Description of problem:
We are seeing a situation when, at system boot, systemd becomes confused over the state of var-lib-nfs-rpc_pipefs.mount. Specifically, systemd believes that /var/lib/nfs/rpc_pipefs is not mounted, when in fact it is mounted, with the exact same options with which var-lib-nfs-rpc_pipefs.mount would mount it:
```
$ systemctl status var-lib-nfs-rpc_pipefs.mount
● var-lib-nfs-rpc_pipefs.mount - RPC Pipe File System
Loaded: loaded (/usr/lib/systemd/system/var-lib-nfs-rpc_pipefs.mount; static; vendor preset: disabled)
Active: failed (Result: exit-code) since Tue 2023-03-21 17:17:51 EDT; 1min 56s ago
Where: /var/lib/nfs/rpc_pipefs
What: sunrpc
Mar 21 17:17:51 host.example.org systemd[1]: Mounting RPC Pipe File System...
Mar 21 17:17:51 host.example.org mount[905509]: mount: /var/lib/nfs/rpc_pipefs: sunrpc already mounted on /var/lib/nfs/rpc_pipefs.
Mar 21 17:17:51 host.example.org systemd[1]: var-lib-nfs-rpc_pipefs.mount: Mount process exited, code=exited status=32
Mar 21 17:17:51 host.example.org systemd[1]: var-lib-nfs-rpc_pipefs.mount: Failed with result 'exit-code'.
Mar 21 17:17:51 host.example.org systemd[1]: Failed to mount RPC Pipe File System.
$ awk '$2 == "/var/lib/nfs/rpc_pipefs" {print $0}' /proc/mounts
sunrpc /var/lib/nfs/rpc_pipefs rpc_pipefs rw,relatime 0 0
```
When this issue occurs, it breaks our NFS home directories, because we mount our home directories with sec=krb5p, which requires rpc-gssd.service, which requires rpc_pipefs.target, which requires var-lib-nfs-rpc_pipefs.mount. So systemd prevents rpc-gssd.service from running because it thinks a prerequisite hasn’t been met, when in fact all prerequisites are satisfied as per the on-disk state of the system.
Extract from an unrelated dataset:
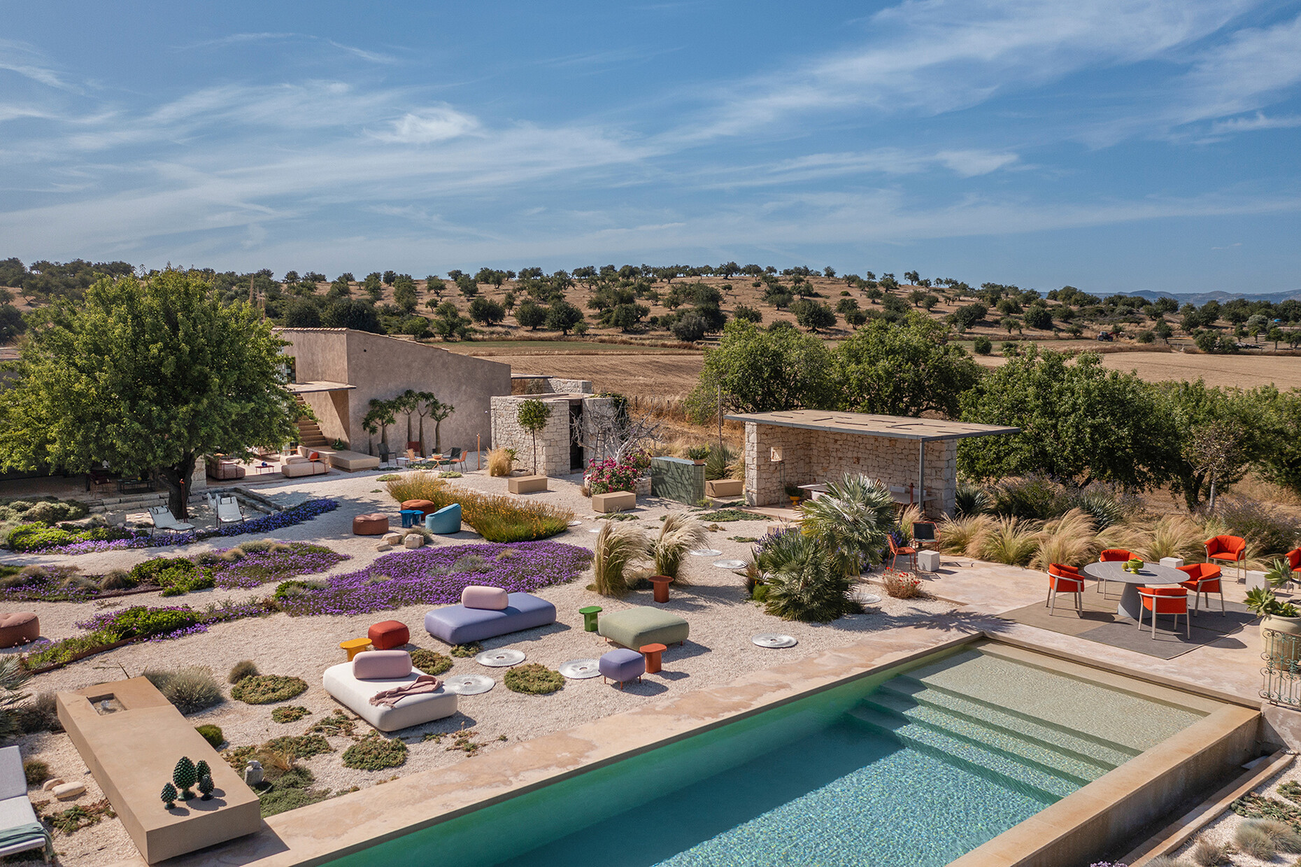 Das urbane Abenteuer definiert das Rivage Paris, ein Eventboot, dass auf zwei Ebenen viel Platz für Veranstaltungen aller Art bietet. Entsprechend flexibel sollten die Möbel sein, um sowohl für informelle wie formelle Ereignisse die passende Bühne zu bieten. Die Barstühle "Tribeca" von CMP Design sind beispielsweise mit einer Struktur aus Stahl und PVC Geflecht ideal für alle Wetterverhältnisse geeignet – in Rosa und kombiniert mit den hohen Tischen "Elliot" von Patrick Jouin in Hellgrün sind diese zudem ein Farbtupfer, der eine fröhliche Atmosphäre schafft. Eine wahres Feuerwerk hat Pedrali zudem im Außenbereich der privaten Villa in der sizilianischen Stadt Noto gezündet: Busetti Garuti Redaelli schafft es für "Buddy Oasi" ein volles Sitzvolumen mit Polsterung aus geschäumtem Polyurethan mit einer leichten Struktur aus Aluminium zu einem harmonischen Ergebnis zu verbinden. Dank des wasserdichten Futters und den abnehmbaren Bezügen in vielen Farben, ist das System aus Ottomanen und Sofas sehr pflegeleicht und bietet dabei unzählige Möglichkeiten individuelle Sitzlandschaften zu kreieren. Im Detail lässt sich der Pouf beispielsweise mit flexiblen Rückenlehnen je nach Wunsch gestalten.

Neither `systemctl daemon-reload` nor `systemctl daemon-reexec` corrects systemd’s erroneous perception of the state of the /var/lib/nfs/rpc_pipefs mount.
The only way we have found to recover from this erroneous systemd state is to align the on-disk state with what systemd believes. We cannot do this by starting var-lib-nfs-rpc_pipefs.mount, because it will always fail when /var/lib/nfs/rpc_pipefs is already mounted. We briefly considered adjusting the mount options to add `remount`, but that will break in the case where /var/lib/nfs/rpc_pipefs is *not* already mounted. And there is no `silently_succeed_if_already_mounted` option to mount. So the only way we have found to correct the state is to manually unmount /var/lib/nfs/rpc_pipefs:
```
$ umount /var/lib/nfs/rpc_pipefs
```
(Doing this will break anything that depends on /var/lib/nfs/rpc_pipefs being mounted, but the main thing that requires /var/lib/nfs/rpc_pipefs to be mounted is rpc-gssd.service, which is systemd refused to start because var-lib-nfs-rpc_pipefs.mount failed, so this is the least-bad way we have found to correct systemd’s erroneous state.)
At this point, systemd will correctly reflect the state of /var/lib/nfs/rpc_pipefs: if it is mounted, systemd will show the state of var-lib-nfs-rpc_pipefs.mount as active; if not, system will show the state as inactive. Starting/stopping var-lib-nfs-rpc_pipefs.mount will correctly mount/unmount /var/lib/nfs/rpc_pipefs; manually mounting/unmounting /var/lib/nfs/rpc_pipefs will toggle the var-lib-nfs-rpc_pipefs.mount systemd state between active/inactive:
```
$ mount -t rpc_pipefs sunrpc /var/lib/nfs/rpc_pipefs
$ awk '$2 == "/var/lib/nfs/rpc_pipefs" {print $0}' /proc/mounts
sunrpc /var/lib/nfs/rpc_pipefs rpc_pipefs rw,relatime 0 0
$ systemctl status var-lib-nfs-rpc_pipefs.mount
● var-lib-nfs-rpc_pipefs.mount - RPC Pipe File System
Loaded: loaded (/usr/lib/systemd/system/var-lib-nfs-rpc_pipefs.mount; static; vendor preset: disabled)
Active: active (mounted) (Result: exit-code) since Tue 2023-03-21 17:21:24 EDT; 2s ago
Where: /var/lib/nfs/rpc_pipefs
What: sunrpc
```
We use Puppet to manage our RHEL hosts, and have automated this work-around via an exec resource:
```
exec { 'fix systemd state of /var/lib/nfs/rpc_pipefs':
command => '/bin/sh -c "umount /var/lib/nfs/rpc_pipefs 1>/dev/null 2>&1"',
unless => '/bin/sh -c "systemctl is-active -q var-lib-nfs-rpc_pipefs.mount"',
notify => Service['rpc-gssd.service'],
}
```
In English: if var-lib-nfs-rpc_pipefs.mount is not active, attempt to manually unmount /var/lib/nfs/rpc_pipefs, then notify the rpc-gssd.service (which will cause Puppet to [re]start it).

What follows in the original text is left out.